Duration of exercises
At a “lively 100-years-old physical exercise” session, older adults were required to participate in physical fitness tests every 4 months during the first year, and thereafter, once annually. The total number of physical fitness tests per participant ranged from 1 to 13 times. The 25th percentile was three times and the 75th percentile was seven times. Therefore, in this analysis, all participants were divided into three groups according to the total number of participations and completed physical tests. Participants who took the tests < 3 times were placed in a short-term participation group, those who took the tests four to six times were placed in the mid-term participation group, and those who took the tests seven to 13 times were placed in the long-term participation group.

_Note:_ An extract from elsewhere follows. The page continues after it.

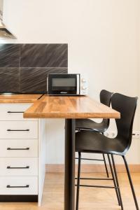 Dieses stilvolle Loft verfügt über eine komplett ausgestattete Küche mit Herdplatte, Backofen, Mikrowelle, Kühlschrank, Toaster, Kaffeemaschine, Wasserkocher sowie sämtlichem erforderlichen Kochgeschirr. Im Studio befindet sich ein Bett, die individuell regulierbare Klimaanlage sorgt für Komfort. Weitere Ausstattungsmerkmale sind eine Schlafcouch im Sitzecke-Bereich mit Fliesenboden sowie praktische Extras wie Bügeleisen, Kleiderschrank bzw. Garderobe, Wäscheständer und Waschmaschine.

All statistical analyses were conducted using R version 3.6.3 (Vienna, Austria), with the lme4 package  to fit the mixed-effects models . Mixed-effects models can adequately adjust for missing data as an outcome variable, by the missing at random (MAR) assumption. Maximum likelihood methods were used for the analysis of missing data because the pattern of the missing data was not missing completely at random (MCAR). MLM is an extension of regression that allows for simultaneous estimation of fixed and random effects and is additionally robust for unbalanced data (i.e., missing observations) [22,23,24]. The t-test and the chi-square test were used to compare the baseline data. The level of significance was set at p < 0.05.
MLM was used to identify the physical performance slope difference between groups of different ages. Age was centred by the mean age of all participants. Centering changes an estimated intercept score in models, but does not influence estimated regression coefficients in the model. Intercept scores can be interpreted as the predicted value of outcome where age was mean age and the other predictors were zero except. We used the model to estimate the mean at each point in the reference grid for each age from 65 to 90 years old. Marginal means were estimated as equally weighted means of these predictions at specified margins.
We investigated the associations between the participation level and changes in lower extremity muscle strength, TUG time, and MFS using the following three models: Model 1 was an unadjusted model with a random slope model. Model 2 was adjusted for age, sex, frailty index (depression, home-boundedness, dysphagia, poor nutrition, cognitive status) with a random slope model.